IBM Buys Blade Networks — An Obvious Marriage For Server Virtualization and Dynamic Data Centers

Monday, September 27th, 2010

Last week, 20-somethings on Wall Street were buzzing about self-serving rumors that IBM would buy Brocade Networks. Well that didn’t happen (and I don’t think it ever will), but IBM did make a networking acquisition when it scooped up Blade Networks today. Terms of this deal were not disclosed.

Why Blade and not Brocade? Several reasons:

  1. IBM anticipates increasingly dense blade server sales. ESG Research indicates a general trend from rack-mounted to blade servers. Why? Today, an average server hosts between five and ten VMs. As this ratio substantially increases over the next 2-3 years, IT managers will need blade server flexibility and manageability to cope with scale and complexity. Blade Networks provides another piece for tight integration between blades, virtual switches, and physical switches.
  2. Blade Networks runs JUNOS. I don’t think IBM cares about Blade’s top-of-rack switches. Rather than own this piece, it can now plug its dense blade servers into Juniper data center top-of-rack, aggregation, and core switches. Lots of form factors and the chance to leverage Juniper’s deep commitment toward flattening the network with its 3-2-1 initiative and the ultra-secret “Project Stratus.”
  3. The price was right. With 3Com and ProCurve in tow, HP has been pretty public about its intention to push Blade Networks aside.

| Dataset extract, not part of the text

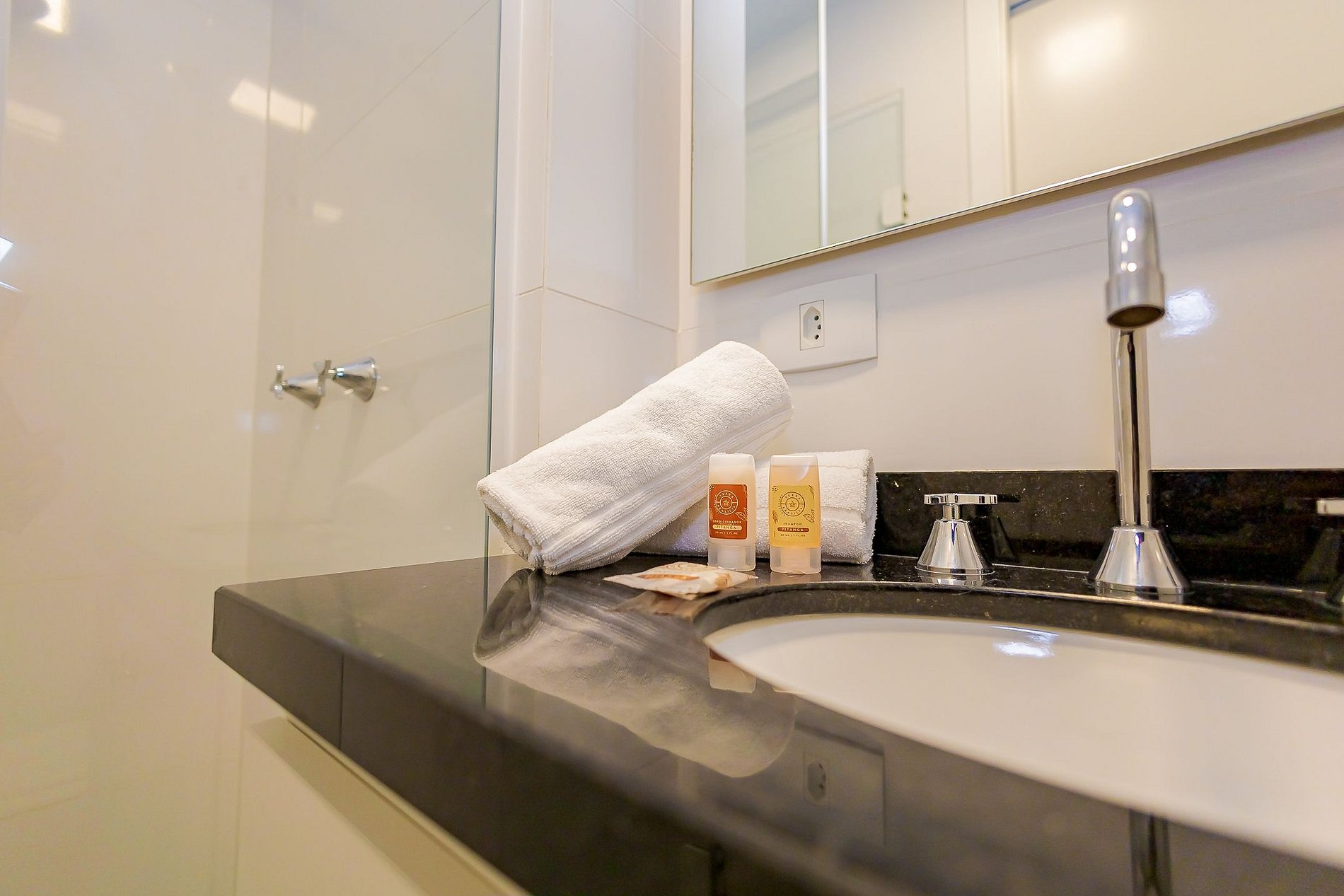 Durante a sua estadia não temos serviço de quarto e nem fazemos a reposição dos itens da sua unidade como: shampoo, condicionador, sabonete, papel higiênico, pano de prato, esponja e detergente de louça, além de pilhas do controle remoto, ar-condicionado e da fechadura eletrônica. A reposição destes itens é de responsabilidade do hóspede titular da reserva.

This really left IBM as the only logical place for Blade Network investors to turn. My guess is that the acquisition price was fair, but not overly generous.

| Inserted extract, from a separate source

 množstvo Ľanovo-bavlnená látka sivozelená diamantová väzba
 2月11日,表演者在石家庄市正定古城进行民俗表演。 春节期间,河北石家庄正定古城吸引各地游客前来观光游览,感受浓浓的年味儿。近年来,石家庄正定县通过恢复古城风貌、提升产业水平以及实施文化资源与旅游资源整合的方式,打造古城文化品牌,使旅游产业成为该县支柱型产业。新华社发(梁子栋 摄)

IBM is also probably anticipating a technology change in the HPC market as 40 and 100 gigabit Ethernet replaces Infiniband. Once again, Blade Networks will provide a turnkey blade solution for scientific computing and smart planet analytics. Blade also provides port and device consolidation for the burgeoning trend toward Ethernet-based storage.

I really don’t think that IBM wants a stand-alone networking business again, so an acquisition of Brocade, Extreme, Force 10, or even Juniper seems unlikely. With Blade, IBM can deliver a data center unit–complete with memory, processors, and networking/storage IO–in a tightly-integrated can. My guess is that IBM will sell a ton of these.

Dario Zamarian

Networking and Virtualization Vendors Should Join the Open vSwitch Effort

Thursday, September 16th, 2010

My colleague Mark Bowker and I are knee-deep in new research data on server virtualization. Within this mountain of data, we are discovering some existing and impending networking issues related to network switching.

Today, many server virtualization projects are led by server administrators, with little or no participation from the networking team. As you may imagine, this means that the server team configures all virtual switches to the best of its ability, without considering how physical switches are already configured. As things scale, the server team realizes the error of its ways and quickly calls the networking group in to help out. This is where things really break down. Before doing anything, the networking folks have to learn the virtualization platform, understand how the physical and virtual networks should interoperate, and then roll up their sleeves and start gluing everything together.

This is a painful learning curve but I believe that future issues will be far more difficult. As organizations increase the number of VMs deployed, networking configurations get more difficult — especially when VMs move around. Users regularly complain about the number of VLANs they have to configure, provision, and manage. This situation will grow worse and worse as VMs become the standard unit of IT.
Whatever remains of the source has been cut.